## Contrastive RL
The main algorithm implemented in this repository is Contrastive Reinforcement Learning (CRL), described in [Contrastive Learning as Goal-Conditioned
Reinforcement Learning](https://arxiv.org/pdf/2206.07568). This algorithm learns a critic function without rewards by contrasting states sampled from a future of a given trajectory (positive samples) with states sampled from a random trajectory (negative samples). 
We implemented a number of modifications and improvements to this algorithm. Among those, the most important ones are:

- Choice of the energy function, currently we have: `norm`, `l2`, `dot`, and `cosine` energy functions.
- Choice of the contrastive loss, currently we have: `binary_nce`, `fwd_infonce`, `bwd_infonce`, and `sym_infonce` losses.
- `logsumexp_penalty`- this is a regularizing term applied to contrastive loss which usually improves performance and is mathematically necessary for the `fwd_infonce` loss.

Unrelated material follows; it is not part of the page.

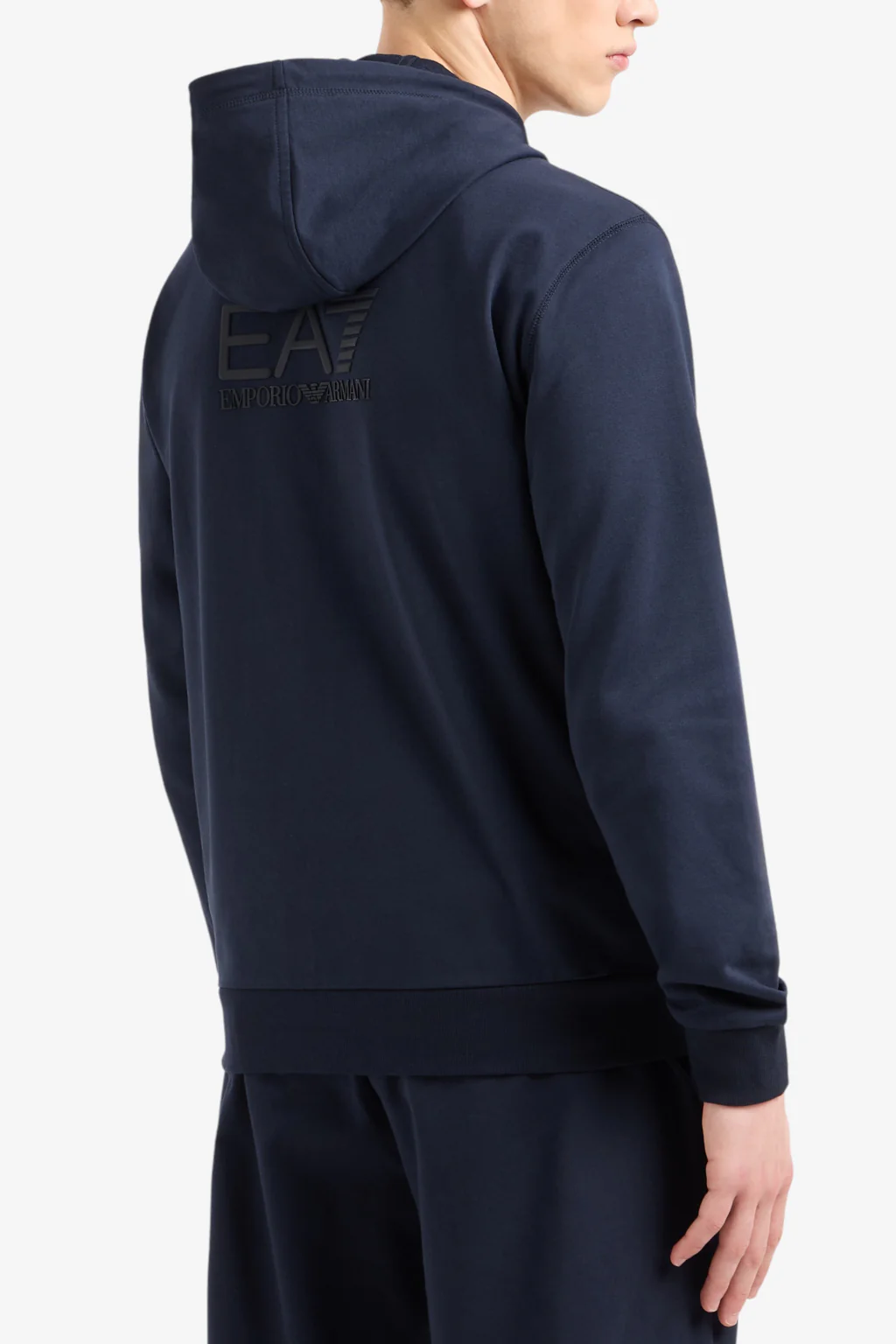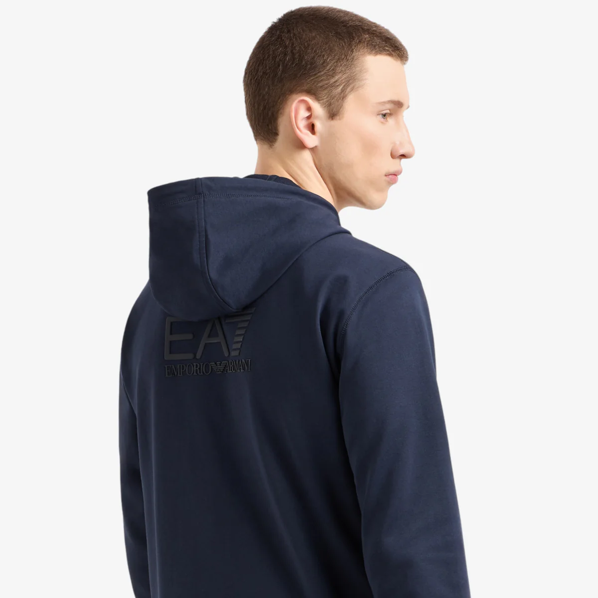 Felpa con cappuccio e zip realizzata in morbido cotone, dalla vestibilità regular. Il modello, con due tasche a marsupio, si distingue per la maxi stampa sul schiena del logo EA7 ed è parte della collezione Visibility. I capi della proposta riflettono completamente il mood ‘Go big or go home’ tipico degli slogan sportivi, grazie al logo EA7 in rilievo, che personalizza ogni modello.

These implementations can be found and modified in `agents/crl/crl.py` file.

## Other baselines
To easily compare CRL to other well-known RL algorithms we have implemented several other baselines including PPO, SAC, and TD3, based on implementations in [Brax](https://github.com/google/brax). For SAC and TD3 it is additionally possible to enable `--use_her` flag to take advantage of the Hindsight Experience Replay buffer, which can improve performance in sparse reward setting. 

An advantage of the goal-conditioned RL setting is that rewards are not assumed. Nonetheless, for methods that can use reward, most environments can provide both sparse and dense rewards, controlled with the `--use_dense_reward` flag.

## Adding new methods and algorithms
The primary purpose of our work is to enable easy and rapid research on self-supervised goal-conditioned reinforcement learning. Thus adding new losses, and energy functions, or changing other aspects of the algorithm can be easily done, by modifying `agents/crl/losses.py` and/or `agents/crl/networks.py`, which are easily readable and accessible.


### Adding new contrastive objective
For instance, to register a new contrastive objective ("`your_loss`") for CRL, you need to:
1. Register the new function `your_loss` in the `contrastive_loss_fn` function (`agents/crl/losses.py`):
```python
...
if name == "your_loss":
    critic_loss = ...
...
```
2. Run training with your new contrastive objective:
```shell
python run.py crl --contrastive_loss_fn "your_loss"
```
### Using a custom model architecture.

To integrate a custom model architecture for CRL algorithm, you need to define and register your architecture within the `agents/crl/networks.py` file: 
1. Critic: extend or modify the `MLP` class or create a new model used for contrastive embeddings. 
2. Actor: provide appropriate `make_policy_network` function that defines actor architecture.